今回は、時代を大きく遡って、古代兵器の一つである「戦車」に関して、東西の例を比較してみたいと考えている。古代の戦車は、西ではオリエント諸国を中心に発達し、東アジアでは古代中国の殷や周の時代にピークの時代を迎える東西の青銅器時代を代表する兵器である。それまで、徒歩による兵士の集団しか経験しなかった各国にとって、馬の牽引する「戦車」と搭乗する兵士は驚異的な戦力であった。

古代戦車の起源は、調べてみたが、どうも良く解らない。諸書によると一般論として、紀元前2500年頃の「シュメール」のウル第三王朝のスタンダードに四輪の戦車が描かれているという。この画像のウルの戦車は四輪で、馬では無くロバの一種のオナガー四頭に牽引される車だったらしい。使用している車輪も複数の木材を円盤状に構成したスポークの無い原始的な物で、後年のオリエント諸国の戦車が持つ軽快な機動性は、まだ持っていなかった。

続いて、紀元前2000年頃、中央アジアの現在のロシア南部の「シンタシュタ・ペトロフカ文化」で画期的な戦車が登場している。機動性の高いスポーク型車輪を持つ二輪型戦車の発明である。この戦車は、数百年掛かって、ユーラシア大陸の東西に広まっているが、古代戦車チャリオットの原型だといわれている。

いずれにしても、紀元前1600年頃にはユーラシア大陸の東の古代中国に、紀元前1500年頃にはオリエントの広い地域に2輪型戦車の技術は伝搬している。

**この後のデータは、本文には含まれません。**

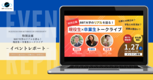 働きながらビジネスを学べるビジネス・ブレークスルー大学(以下BBT大学)は、2023年9月26日、ITソリューション学科(現:デジタルビジネスデザイン学科)を卒業した小木みゆきさんをゲストに迎えキャリア戦略セミナーを開催しました。今回はそのイベントレポートをお届けします。
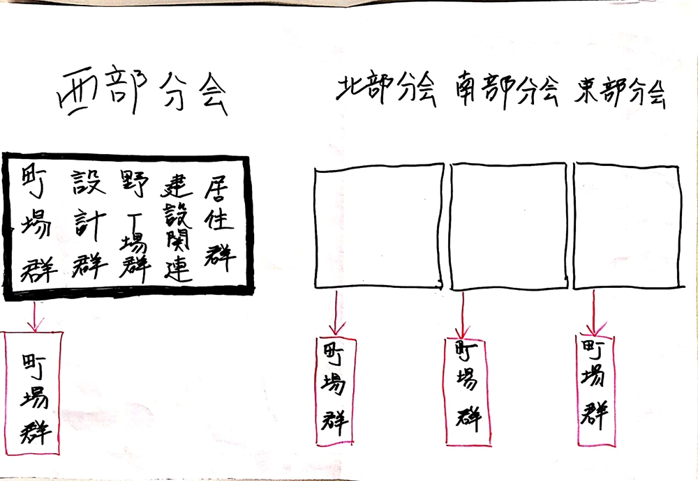 最後に、門田組織部長直筆の渋谷支部の組織図を用いて、町場群の位置づけを説明。

当時、オリエントも古代中国も兵器の材質の主流は、「青銅器」全盛の時代であった。一部にヒッタイトの鉄器はあったもののヒッタイト軍全体を満足させるほどの生産量は確保できず、鉄を使用した民族と呼ばれるヒッタイトにしても青銅製武器が主流の時代だったと考えられている。

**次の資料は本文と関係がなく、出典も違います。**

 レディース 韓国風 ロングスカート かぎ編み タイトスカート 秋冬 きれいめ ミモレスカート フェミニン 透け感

戦車は始め、王侯や貴族の乗り物としてオリエント世界に登場したが、やがて、戦場での指揮官クラスの愛用するところとなった。戦場での兵器として戦車を使用した最初の民族が何処の民族か良く解っていないが、多分、ヒッタイトだと推定されている。


しかし、直ぐに近隣のエジプトやメソポタミアでも軍用としての機動性のある戦車の製作と使用を開始している。これらオリエントの諸国では、国毎にその国の国情に合った戦車の改良が進んだ可能性が高い。

草原や砂漠、瓦礫の続く大地などでの、耐久性と機動力を上げるための車輪の改良や軸受け構造の強化も含めて、戦車本体の軽量化も格段に進化していったと考えられる。加えて、牽引する馬と戦車本体の連結方法も大幅に改良されて次第に馬の負担も少なくなっていった。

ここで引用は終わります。